At 12:33 p.m. ET, the Dow Jones industrial average was up 2.94 points, or 0.02 percent, at 18,007.1, the S&P 500 was down 0.58 points, or 0.03 percent, at 2,093.76 and the Nasdaq Composite was down 37.99 points, or 0.77 percent, at 4,922.03.
Six of the 10 major S&P sectors were higher, led by a 1.38 percent rise in the materials sector. Energy was up 1.30 percent.
Johnson & Johnson rose 1.8 percent to $112.88 after it reported a marginal growth in quarterly sales. The stock was the biggest positive influence on the S&P 500 and the Dow.
Goldman Sachs shares were up 1.5 percent at $161.38 after the bank reported a better-than-expected quarterly profit.
Other bank stocks also rose.
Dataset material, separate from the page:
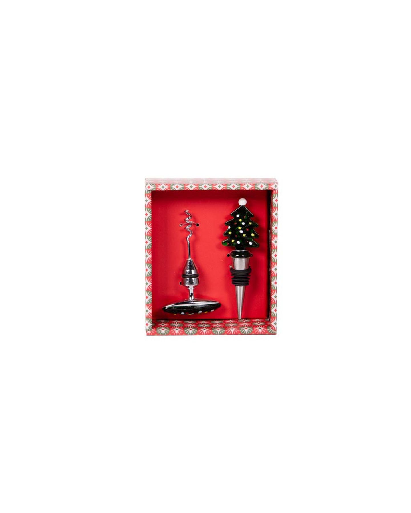 Coffret élégant de 2 accessoires pour le vin : un bouchon de bouteille en inox décoré d'un motif de Noël et un tire-bouchon assorti, parfait pour sublimer vos moments œnologiques pendant les fêtes de fin d'année. Pratiques et festifs, ces accessoires sont idéals pour déboucher et conserver vos bouteilles tout en apportant une ambiance joyeuse à vos repas. Parfait également comme idée cadeau originale et conviviale pour les amateurs de vin. Motifs au choix dans la limite des stocks disponibles.

Bank of America, JP Morgan, Morgan Stanley and Wells Fargo were all up about 1.5 percent.
IBM fell 6.2 percent to $143.10 after it reported its worst quarterly revenue in 14 years, and was the biggest drag on the Dow and S&P 500.
Netflix shares were down 10 percent at $97.52 after the video streaming service's subscriber forecast missed estimates.
Advancing issues outnumbered decliners on the NYSE by 1,854 to 1,076. On the Nasdaq, 1,375 issues rose and 1,350 fell.
The S&P 500 index showed 43 new 52-week highs and no new lows, while the Nasdaq recorded 55 new highs and 17 lows.